Exercise description - Return the listing below verbatim. Pictures do not belong in the copy.

Exercise data -

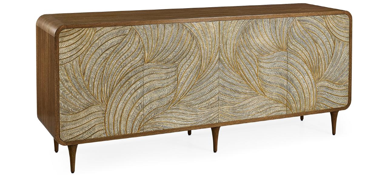 Halcyon Four-Door Credenza (EUR-04-1001): The Halcyon Credenza displays figured eucalyptus veneer in a Monteverde finish. Sweeping, hand-carved composite flourishes are accented with gold leaf to create an organic sense of motion – 36" H x 86.5" W x 20" D.
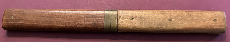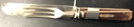 Fork and knife slide together into wooden handles to make one unit. Fork is three tine, both knife and fork steel. They are attached to handles with three brass rivets. Brass bound edge on fork handle is marked "1 Vt. Cav." Approximately 8" long. | SALE $ 125.00 |
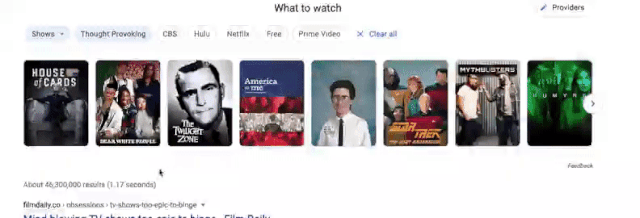Satyajeet Salgar, de Group Product Manager op de afdeling ‘Media and Entertainment’ van Google, heeft laten weten op Twitter dat er een nieuwe functie wordt geïntroduceerd. Deze functie betreft de featured snippet voor film en tv-resultaten. Wanneer je met je cursor over een suggestie zweeft dan laat die meer informatie zien door middel van een animatie over het desbetreffende resultaat.

Your response -
 Halcyon Four-Door Credenza (EUR-04-1001): The Halcyon Credenza displays figured eucalyptus veneer in a Monteverde finish. Sweeping, hand-carved composite flourishes are accented with gold leaf to create an organic sense of motion – 36" H x 86.5" W x 20" D.
 Fork and knife slide together into wooden handles to make one unit. Fork is three tine, both knife and fork steel. They are attached to handles with three brass rivets. Brass bound edge on fork handle is marked "1 Vt. Cav." Approximately 8" long. | SALE $ 125.00 |
Satyajeet Salgar, de Group Product Manager op de afdeling ‘Media and Entertainment’ van Google, heeft laten weten op Twitter dat er een nieuwe functie wordt geïntroduceerd. Deze functie betreft de featured snippet voor film en tv-resultaten. Wanneer je met je cursor over een suggestie zweeft dan laat die meer informatie zien door middel van een animatie over het desbetreffende resultaat.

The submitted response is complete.